7月17日の金融政策決定会合で、日本銀行は新たに導入する気候変動対応オペの骨子素案を公表した(コラム「気候変動対応への関与は日本銀行の使命に照らして妥当か:新型オペの骨子素案」、2021年7月16日)。

対外公表分では、「気候変動対応に資するための取り組みについて一定の開示を行っている先」が対象になる、と説明されていた。その時点では「一定の開示を行っている先」が何を意味するかは明らかでなかったが、その後の総裁記者会見での総裁の説明によると、これは、気候関連財務情報開示タスクフォース(TCFD)が推奨する気候関連の情報開示に取り組んでいる銀行を想定していることが分かった。

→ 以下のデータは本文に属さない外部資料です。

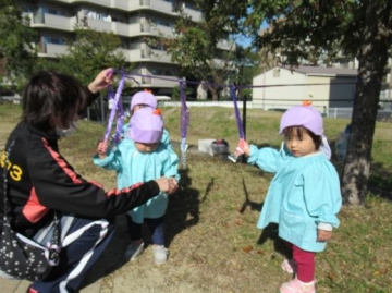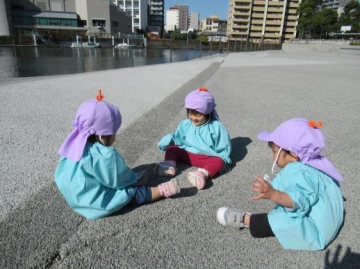 今日は新町第2保育園のあひる組と一緒に島津公園に出かけ、おやつ取りゲームやポットん遊び、しっぽ取りゲームを楽しみました。

TCFDは金融安定理事会(FSB)が立ち上げた組織であり、2017年6月に公表した報告書で、企業等に対して気候変動関連リスクに関するガバナンス、戦略、リスク管理、指標・目標を開示することを求めている。その提言を受け入れる日本企業が増えている。

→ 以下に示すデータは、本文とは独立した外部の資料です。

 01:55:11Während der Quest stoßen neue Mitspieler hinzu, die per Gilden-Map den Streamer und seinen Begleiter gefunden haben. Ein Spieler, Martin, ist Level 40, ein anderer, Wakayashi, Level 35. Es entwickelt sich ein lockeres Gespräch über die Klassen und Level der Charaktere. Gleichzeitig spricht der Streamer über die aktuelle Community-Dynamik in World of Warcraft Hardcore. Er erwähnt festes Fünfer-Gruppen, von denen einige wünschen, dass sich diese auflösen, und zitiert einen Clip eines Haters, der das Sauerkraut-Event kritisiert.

ただし、これをオペ対象の厳格な条件にすると、その条件を満たすのは、比較的規模の大きい銀行に限られてしまうだろう。しかし実際には、TCFDの提言を受け入れる予定がある、検討している、等といった比較的緩い条件で、日本銀行がオペへの参加を認める可能性があるのではないか。

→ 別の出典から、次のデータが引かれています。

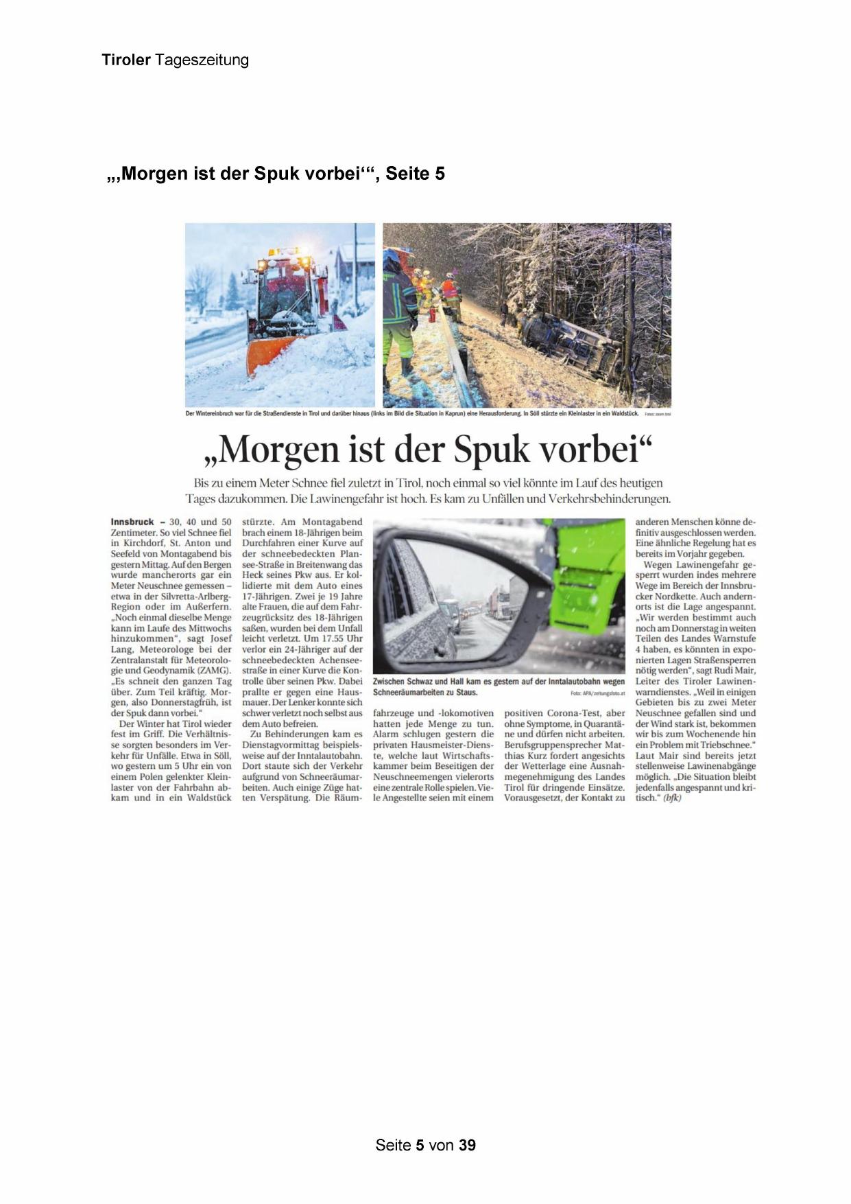 Tages dazukommen. Die Lawinengefahr ist hoch. Es kam zu Unfällen und Verkehrsbehinderungen.

対象が限られ、オペの規模が大きくならないと、気候変動リスクへの対応というオペの本来の狙いが実現されなくなってしまうためだ。

銀行の判断にある種「丸投げ」か

他方、バックファイナンスの対象となる投融資については、①グリーンローン/ボンド、②サステナビリティ・リンク・ローン/ボンド(気候変動対応に紐づく評価指標が設定されているもの)、③トランジション・ファイナンスにかかる投融資が考えられる、とされた。

ところで、何をもってグリーンローンとするか等は明確でない。総裁も、そうした分類(タクソノミー)がまだ世界的に確立されていないことを指摘している。

そうであれば、この枠組みは銀行自身の分類、査定、判断に任されることになる。その場合、基準は統一されずにばらばらなものとなる。グリーンローンの基準のあいまいさが相当残されることになるだろう。他方で、日本銀行はそれを厳しく審査しないとみられ、結果的に広範囲の資産が対象となるのではないか。

貸出先や発行体が、グリーンローン、グリーンボンドと偽り(グリーンウォッシュ)、それが日本銀行のオペの対象となってしまうリスクもあるだろう。日本銀行自身がそうしたリスクを負い、批判を浴びることを回避したいがために、日本銀行は貸出、投資の判断とともに、資産の分類、査定、判断などもオペ対象の銀行にすべて委ねる、いわば「丸投げ」する意図のようにも読める。

一方で、日本銀行自身がグリーンボンドを直接買入れることにはまだ慎重であることが、総裁記者会見で確認された。グリーンボンドの定義、分類、査定方法などが確立される前に日本銀行が買入れを始めれば、不正のグリーンボンドを買入れてしまい、日本銀行自身が強い批判を浴びる可能性や、市場や価格を歪めてしまうといった弊害を生むからだ。

タクソノミーが確立されていない現状では、日本銀行自身がグリーンボンドを直接買入れるにはまだ機は熟していないのである。同様の観点から、気候変動対応オペの実施についても、本来はまだ機は熟していないと言えるのではないか。

当面は、日本銀行自身ができる限りそうしたリスクを引き受けない形で、気候変動リスク対策を側面から支援していく、というのが日本銀行の基本戦略ではないか。